We’re in the middle of a seismic generational shift, and the bar and nightclub business is among the most affected by the changes.
According to the Insider Magazine, which dubs itself “The guidebolok to millennial culture,” bars and nightclubs are closing their doors in droves and liquor sales are dropping around the word. In its report “Bid Farewell: Why Millennials are Abandoning Nightclubs,” Insider states that millennials – those born between the years 1977 and 1994 – are a target market for the industry but bar and nightclub owners are missing the mark on bringing them in.
Dale Malone, owner of Dukes and Boots just west of Sedalia’s city limits, has watched his crowds decline in recent years. Malone is a hospitality industry veteran, with 40 years of experience owning and operating bars and restaurants as well as doing consulting across the country. Still, what is happening today is new to him.
Malone noted that with past generations, there was “a need for social interaction on a live level with actual, physical touching and seeing and talking and being with people.” He recalled the days when scores of young adults would “cruise the strip” in Sedalia; on weekend nights, the streets and parking lots were full of people from not only Sedalia but all across the county, “and we all seemed to get along.”
But today, “Social media has taken the place of social physicality,” Malone said. “You can stay at your house by yourself and go on a Netflix binge … and call the pizza guy and they bring it to you. You’re also on your smartphone or tablet and you’re in touch with everybody – whether it is on Facebook or Instagram or Snapchat or Twitter. They don’t need as much to go out and physically interact because there are sites like Tinder and Periscope … where you can meet people.”
And before you think this is just Malone going on a Grumpy Old Man rant, understand that all generations have shifted from those that came before them. But one constant has been the restaurant and bar industry; while times and tastes changed, establishments changed to ensure they could keep their crowds coming – but the crowds came out. Now, while restaurants are still doing fairly well, bars and nightclubs are struggling.

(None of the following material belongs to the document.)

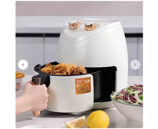 - Reducerea consumului de ulei și grăsimi: Air fryer-ul permite gătirea alimentelor cu cantități reduse sau chiar fără ulei, contribuind la obținerea unei mese maisănătoase și mai puțin grase.
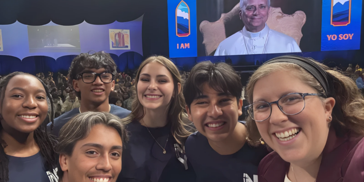 Los adolescentes Mia Smothers, Ezequiel Ponce, Micah Alcisto, Elise Wing y Chris Pantelakis, junto con la moderadora Katie McGrady, se toman una selfie con el Papa León XIV durante un encuentro digital en directo en el Lucas Oil Stadium el 21 de noviembre de 2025. / Crédito: Foto cortesía de Katie McGrady

“This is a nationwide trend,” Malone said. “For the first time, there is not a new demographic replacing the people who, when they start getting into their mid to late 20s, start getting married, start getting job promotions, don’t want to stay out until 2 in the morning. … There is still some of that demographic coming out, there always will be.”

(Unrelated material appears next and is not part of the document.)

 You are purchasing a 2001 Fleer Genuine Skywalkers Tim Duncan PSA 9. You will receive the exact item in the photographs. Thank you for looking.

But those numbers are declining, and Malone has a theory about the cause. Throughout the years, when there was an economic downturn, bars “generally do very well,” he said, “not to drink your problems away, but because it is a great value. For $20, you can have a few drinks with friends, dance, have fun.” But after the economy hit rock bottom in 2008, there was no bounceback.

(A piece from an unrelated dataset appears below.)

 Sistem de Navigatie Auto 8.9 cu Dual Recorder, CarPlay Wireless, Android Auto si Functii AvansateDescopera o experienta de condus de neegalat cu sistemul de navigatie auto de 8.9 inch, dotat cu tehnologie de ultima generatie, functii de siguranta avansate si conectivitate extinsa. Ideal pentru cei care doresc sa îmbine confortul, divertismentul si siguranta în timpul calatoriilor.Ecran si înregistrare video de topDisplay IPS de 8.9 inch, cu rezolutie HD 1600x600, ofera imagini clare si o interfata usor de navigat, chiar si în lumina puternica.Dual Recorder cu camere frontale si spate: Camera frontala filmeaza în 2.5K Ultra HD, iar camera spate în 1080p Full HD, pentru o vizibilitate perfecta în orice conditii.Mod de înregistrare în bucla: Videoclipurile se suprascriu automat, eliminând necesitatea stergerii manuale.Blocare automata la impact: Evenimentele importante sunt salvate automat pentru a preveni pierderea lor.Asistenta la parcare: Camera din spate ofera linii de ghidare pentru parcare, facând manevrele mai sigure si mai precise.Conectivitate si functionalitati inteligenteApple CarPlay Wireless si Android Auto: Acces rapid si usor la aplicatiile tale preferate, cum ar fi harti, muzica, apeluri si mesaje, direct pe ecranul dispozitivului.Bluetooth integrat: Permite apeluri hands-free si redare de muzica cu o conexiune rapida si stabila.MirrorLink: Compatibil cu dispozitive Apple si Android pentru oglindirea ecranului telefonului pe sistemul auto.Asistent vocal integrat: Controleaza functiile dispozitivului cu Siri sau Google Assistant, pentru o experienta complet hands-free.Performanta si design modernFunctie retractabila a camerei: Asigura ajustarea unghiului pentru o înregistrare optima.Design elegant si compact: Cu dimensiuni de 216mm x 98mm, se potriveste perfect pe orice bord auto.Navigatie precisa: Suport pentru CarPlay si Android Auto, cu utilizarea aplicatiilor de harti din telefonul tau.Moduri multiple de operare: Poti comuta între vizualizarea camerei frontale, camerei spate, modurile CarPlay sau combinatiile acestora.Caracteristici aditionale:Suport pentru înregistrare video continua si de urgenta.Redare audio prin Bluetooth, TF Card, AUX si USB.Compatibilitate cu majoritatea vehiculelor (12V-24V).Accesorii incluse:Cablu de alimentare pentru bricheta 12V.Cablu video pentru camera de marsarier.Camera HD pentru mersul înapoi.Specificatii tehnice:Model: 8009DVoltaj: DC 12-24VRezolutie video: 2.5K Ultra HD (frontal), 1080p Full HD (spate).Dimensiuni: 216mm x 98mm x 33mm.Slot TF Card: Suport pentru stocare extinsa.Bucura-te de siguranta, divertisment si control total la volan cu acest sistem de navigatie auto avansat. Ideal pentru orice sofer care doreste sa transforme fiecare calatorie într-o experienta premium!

Malone said one byproduct of that period is the practice of “pregaming:” a group gathers at friend’s house to drink and socialize before going to bars.
“Over the course of eight years … 18-year-olds (in 2008) are now 26 – that is the demographic that is missing,” he said. “They taught themselves to sit around for that couple of hours with music turned down, having cocktails, actually having conversation.”
Those who contend that going out today is more expensive than in the past are off base. Millennials have grown up with expensive technology in their hands and infinite possibilities at their disposal. They can shop online through their phone, watch their favorite TV shows and movies on their own schedule and connect with the world without getting out of their pajamas. They simply choose to spend their money on different ways to be social.
“Where I am perplexed is how am I going to reach these kids, and if I do, how am I going to convince them to come out?” Malone said. One option is to match a trend that is working in larger markets across the county – a kind of “all night pregame” that replaces a dance floor with grouped seating, thumping beats for low music and longnecks with higher-end cocktails and craft beers. But what works in New York won’t necessarily work in Sedalia.
Malone said he is open to suggestions – those millennials can find him on Facebook, Twitter and Instagram to share their ideas.
Bob Satnan is the communications director for Sedalia School District 200.